Finally, despite their sub-optimal activity, triple nucleoside or nucleoside/nucleotide regimens are an alternative during pregnancy.

Children

HIV-infected children in high-burden countries have very high rates of tuberculosis, often with severe, life-threatening manifestations (e.g., disseminated disease, meningitis). Such children may also have advanced and rapidly-progressive HIV disease, so there are pressing reasons to assure potent treatment for both tuberculosis and AIDS. In addition to the complexities raised by the drug interactions discussed above, children with HIV-related tuberculosis raise other challenges. There are very limited data on the absorption, metabolism, and elimination of anti-tuberculosis drugs among children, particularly among very young children (< 2 years of age).

Some antiretroviral agents are not yet available in suspension formulations, and there are limited pharmacokinetic data for all antiretroviral drugs among young children. The use of single-dose nevirapine selects for NNRTI-resistant strains among those infants who are infected despite perinatal prophylaxis, and such children have inferior outcomes if subsequently treated with nevirapine-based combination antiretroviral therapy.[42] Therefore, there is understandable reluctance to use NNRTI-based therapy among perinatally-infected infants who were exposed to single-dose nevirapine. As above, the inability to use NNRTI-based antiretroviral therapy limits options for antiretroviral therapy among children receiving rifampin-based tuberculosis treatment.
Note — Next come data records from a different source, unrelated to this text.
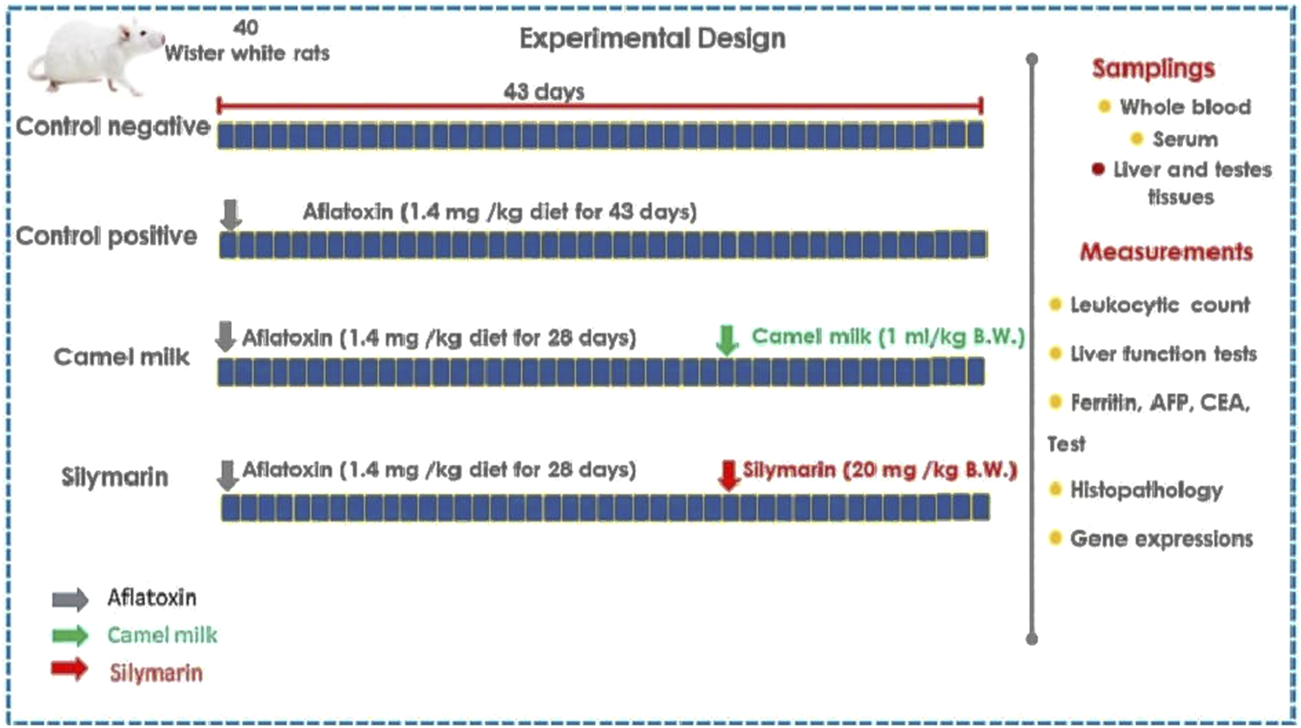 Previous studies (Hassaneen et al., 2023; Hassaneen et al., 2024) have discussed the therapeutic effect of camel milk and silymarin on the harmful effect of aflatoxin in rats from the onset of poisoning. Therefore, this experiment was conducted to evaluate post-treatment with camel milk and silymarin for 14 days on a male rat model exposed to aflatoxin toxicity for 28 days in the diet.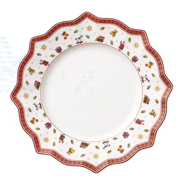 Toy's Delight tallrik 28 cm från Villeroy & Boch är en förtjusande och nostalgisk tallrik som tillför en festlig känsla till varje dukning. Med sina lekfulla motiv i rött, grönt och vitt, väcker denna tallrik minnen från barndomens jular och skapar en varm och inbjudande stämning vid bordet. Som en del av Toy’s Delight-kollektionen kombinerar den klassisk julestetik med högkvalitativt porslin, ett kännetecken för Villeroy & Boch sedan 1748.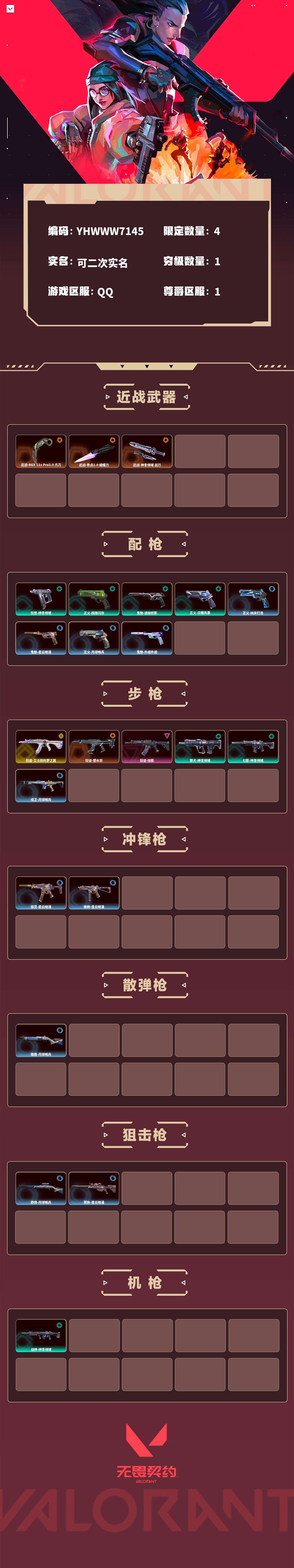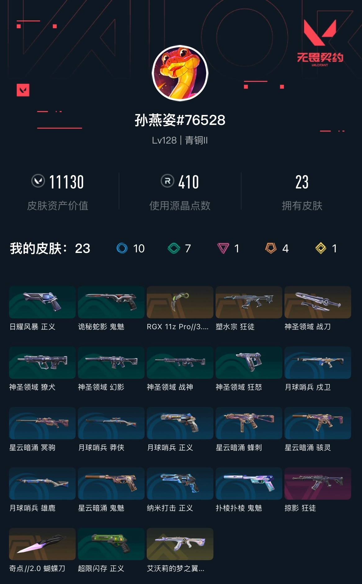 【无畏契约】【yhwww7145】等级:128,已用无畏点11130,已用源晶点410,金皮:狂徒-艾沃莉的梦之翼__橙皮:近战-rgx 11z pro3.0 爪刀|狂徒-塑水宗|近战-奇点2.0 蝴蝶刀|近战-神圣领域 战刀__段位:青铜__紫皮:狂徒-掠影__蓝皮:正义-纳米打击|鬼魅-星云暗涌|骇灵-星云暗涌|正义-月球哨兵|莽侠-月球哨兵|戍卫-月球哨兵|雄鹿-月球哨兵|鬼魅-扑棱扑棱|冥驹-星云暗涌|蜂刺-星云暗涌__绿皮:獠犬-神圣领域|狂怒-神圣领域|战神-神圣领域|幻影-神圣领域|正义-超限闪存|鬼魅-诡秘蛇影|正义-日耀风暴__英雄:尚勃勒|维斯|黑梦|斯凯|暮蝶|盖可|霓虹|壹决|星礈|k/o|幽影|夜露|钢锁|海神|奇乐|炼狱|铁臂|贤者|猎枭|钛狐|芮娜|零|捷风|蝰蛇|不死鸟|幻棱|雷兹

There are emerging, though unpublished, pharmacokinetic data and clinical experience with using protease-inhibitor-based antiretroviral therapy among young children with HIV-related tuberculosis. Children treated with super-boosted lopinavir while on rifampin-based tuberculosis treatment had serum concentrations of lopinavir comparable to those of children treated with standard dose lopinavir/ritonavir in the absence of rifampin. Furthermore, a cohort study found similar virological and immunological outcomes of antiretroviral therapy among children treated with super-boosted lopinavir and rifampin-based tuberculosis treatment compared with children treated with standard dose lopinavir/ritonavir. Therefore, super-boosted lopinavir plus appropriate nucleoside agents is the preferred antiretroviral regimen among children on rifampin-based tuberculosis treatment.
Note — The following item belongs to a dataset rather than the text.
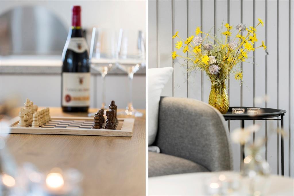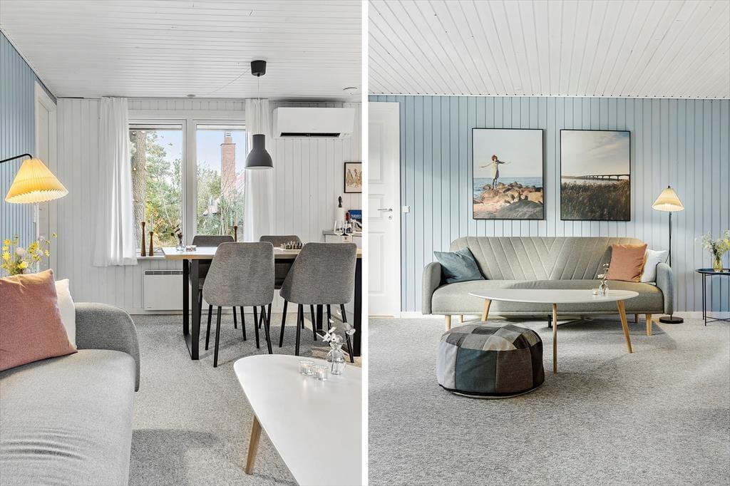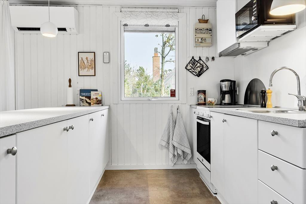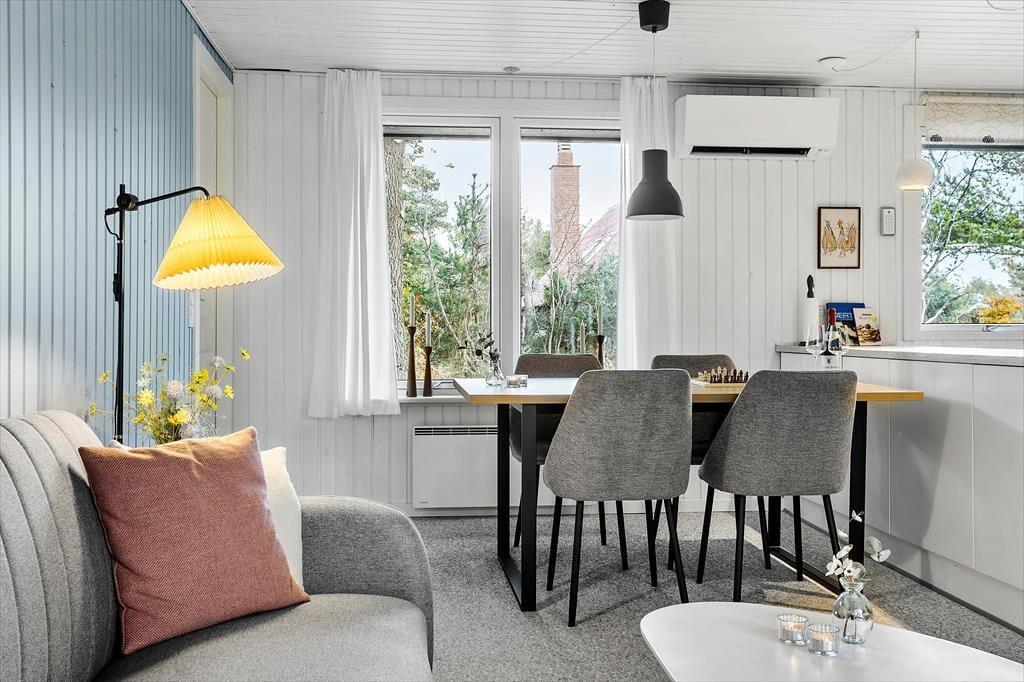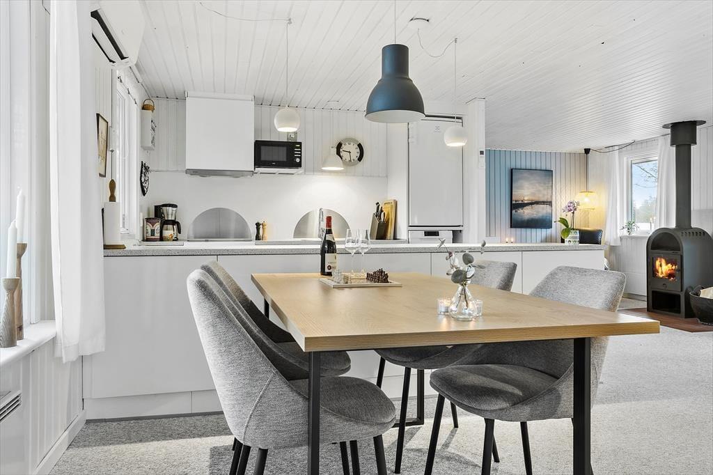 Når du træder indenfor i sommerhuset på Rørsangervej 3, mærker du straks den varme og indbydende atmosfære. Indretningen er lys og skandinavisk med vægt på naturlige materialer, der giver en behagelig og afslappet stemning. Her er både plads til at samles i stuen foran brændeovnen og til rolige stunder med en god bog eller brætspil i godt selskab. Og har du din firbenede ven med, kan I nyde ferien sammen, for hunde er hjerteligt velkomne her – der er endda god plads til, at de kan boltre sig både indenfor og ude.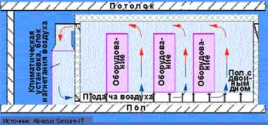 | Рисунок 1. Схематическое изображение конструкции системы кондиционирования вычислительного центра с учетом требований эксплуатации компьютерной техники. |

The triple nucleoside regimen of zidovudine, lamivudine, and abacavir has been suggested for young children who are taking rifampin-based tuberculosis treatment.[43] However, there is limited published clinical experience with this regimen among young children, with or without concomitant tuberculosis. Furthermore, young children often have very high HIV RNA levels, suggesting the need for highly-potent antiretroviral regimens. While awaiting additional studies, the triple-nucleoside regimen is an alternative for young children receiving rifampin-based tuberculosis treatment.
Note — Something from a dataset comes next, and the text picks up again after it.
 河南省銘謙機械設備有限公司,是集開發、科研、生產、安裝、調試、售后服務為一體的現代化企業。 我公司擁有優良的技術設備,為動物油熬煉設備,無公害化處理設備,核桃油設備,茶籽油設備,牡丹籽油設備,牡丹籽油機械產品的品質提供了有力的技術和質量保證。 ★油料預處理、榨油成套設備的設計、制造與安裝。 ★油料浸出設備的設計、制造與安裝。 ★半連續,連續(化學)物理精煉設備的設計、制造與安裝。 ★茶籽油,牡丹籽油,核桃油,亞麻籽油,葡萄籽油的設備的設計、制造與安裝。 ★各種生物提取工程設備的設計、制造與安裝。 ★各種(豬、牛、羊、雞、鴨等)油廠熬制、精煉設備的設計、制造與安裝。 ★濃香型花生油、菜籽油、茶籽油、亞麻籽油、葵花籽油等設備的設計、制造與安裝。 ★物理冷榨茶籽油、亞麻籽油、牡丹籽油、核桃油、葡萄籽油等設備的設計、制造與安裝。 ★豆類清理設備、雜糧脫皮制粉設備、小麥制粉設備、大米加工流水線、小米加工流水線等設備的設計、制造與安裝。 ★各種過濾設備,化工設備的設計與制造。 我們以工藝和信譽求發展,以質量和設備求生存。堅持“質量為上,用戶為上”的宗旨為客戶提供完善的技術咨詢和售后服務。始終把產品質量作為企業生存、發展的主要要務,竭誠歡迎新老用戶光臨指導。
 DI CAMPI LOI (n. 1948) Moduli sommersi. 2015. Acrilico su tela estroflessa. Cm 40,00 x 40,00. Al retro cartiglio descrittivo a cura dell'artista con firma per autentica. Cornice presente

In an initial pharmacokinetic study, efavirenz concentrations were not significantly different among children on rifampin, compared to children without tuberculosis. However, efavirenz concentrations were sub-optimal in both groups, raising concerns about the adequacy of current efavirenz dosing recommendations among children.[44] However, Efavirenz-based antiretroviral therapy is highly-active among older children,[45] and can be used with rifampin-based tuberculosis treatment.[46]

Patients with Multidrug-Resistant Tuberculosis

Outbreaks of multidrug-resistant tuberculosis among HIV-infected patients have been documented since the 1980s. Recently an outbreak of highly-lethal multidrug-resistant tuberculosis was discovered in South Africa, primarily involving HIV-infected patients.[47] Prompt initiation of antiretroviral therapy may be one way to decrease the alarmingly high death rate among HIV-infected patients with multidrug-resistant tuberculosis.

Most of the drugs used to treat multidrug-resistant tuberculosis (the second-line drugs: fluoroquinolone antibiotics, ethionamide, cycloserine, kanamycin, amikacin, capreomycin, para-amino salicylate) were developed and approved nearly 40 years ago. They were developed prior to the development of modern laboratory techniques to determine pathways of drug metabolism. Furthermore, there are no published studies of possible drug-drug interactions between second-line antituberculosis drugs and antiretroviral drugs. Based on the existing, albeit incomplete, knowledge of the metabolism of the second-line drugs, only ethionamide has a significant possibility of an interaction with antiretroviral drugs (ethionamide is thought to be metabolized by the CYP450 system, though it is not known which of the CYP isozymes are responsible).[21] Whether doses of ethionamide and/or certain antiretroviral drugs should be modified during the co-treatment of multidrug-resistant tuberculosis and HIV disease is completely unknown.

Limitations of these Guidelines

CDC mentioned the limitations of the information available for writing these guidelines.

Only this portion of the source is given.